Eight figures decorate the facade of the Agricola Gymnasium. Two of these were destroyed in the Nazi regime a Jewish student, Moritz Goldhaber - now internationally acclaimed nuclear physicist living in America, posed as a model for the sculptor Heinrich Brenner. In the year 2000 both figures were restored. One of the rooms in this school was used from 1945-1948 as a place of worship for the Jewish community.
“Das Tietz” commissioned by the Tietz family business was designed and built by Professor Wilhelm Kreis in 1912-1913. The building was heavily damaged in the “Pogromnacht“ in 1938 and again in the bombing of Chemnitz in March 1945. In 2004 the former department store was converted into a cultural centre housing the municipal library, community college, museum of natural history as well as the New Saxon Gallery.
This school, built in 1868, educated 177 Jewish students throughout the years 1877-1937. Among them were Stephan Hermlin and Stefan Heym as well as the famous Chemnitz citizens Arthur Einer and Bruno Kalitzky. With activities and projects, today’s pupils want to revive the easy coexistence of people of different cultural and religious background that was destroyed by the Nazis.
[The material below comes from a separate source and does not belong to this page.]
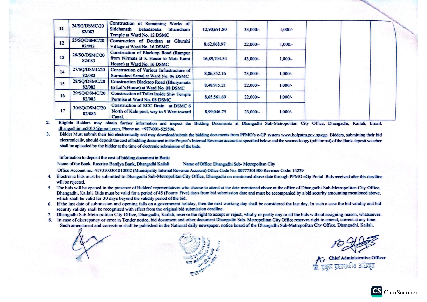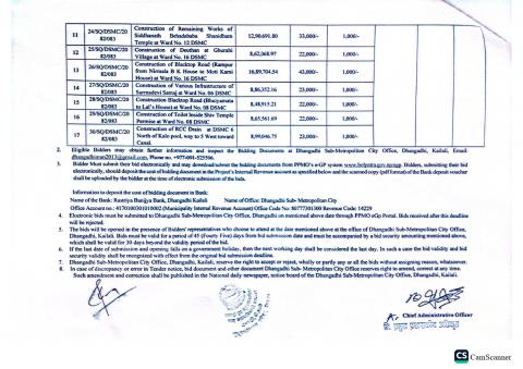 वडा नं १२ को दररेट पेश गर्ने सम्बन्धी सूचना[Construction of various works]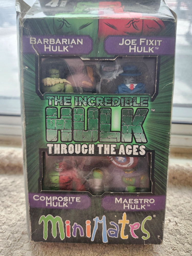 Mini Mates Incredible Hulk Through The Ages boxed set. Includes multiple figures and accessories. Bonus figures included: Chun-Li, She-Hulk, another Hulk variant, and others. Extra accessories and pieces.

As the Jewish population expanded throughout the 19th century the Jewish community decided in 1895 to build this imposing place of worship. The architect Wenzel Bürger won the contract to design and build the synagogue. On the “Pogromnacht”, the night of November 9-10 1938, just 40 years after its inauguration, the synagogue was burned down and completely destroyed. This monument was erected in 1988, in memory of the synagogue.
In the years 1961-2000 the Jewish community met for worship in a small house. In 2000 a new synagogue was built for a growing Jewish community. The new Synagogue offers not only an imposing place of worship, but an attractive community centre as well.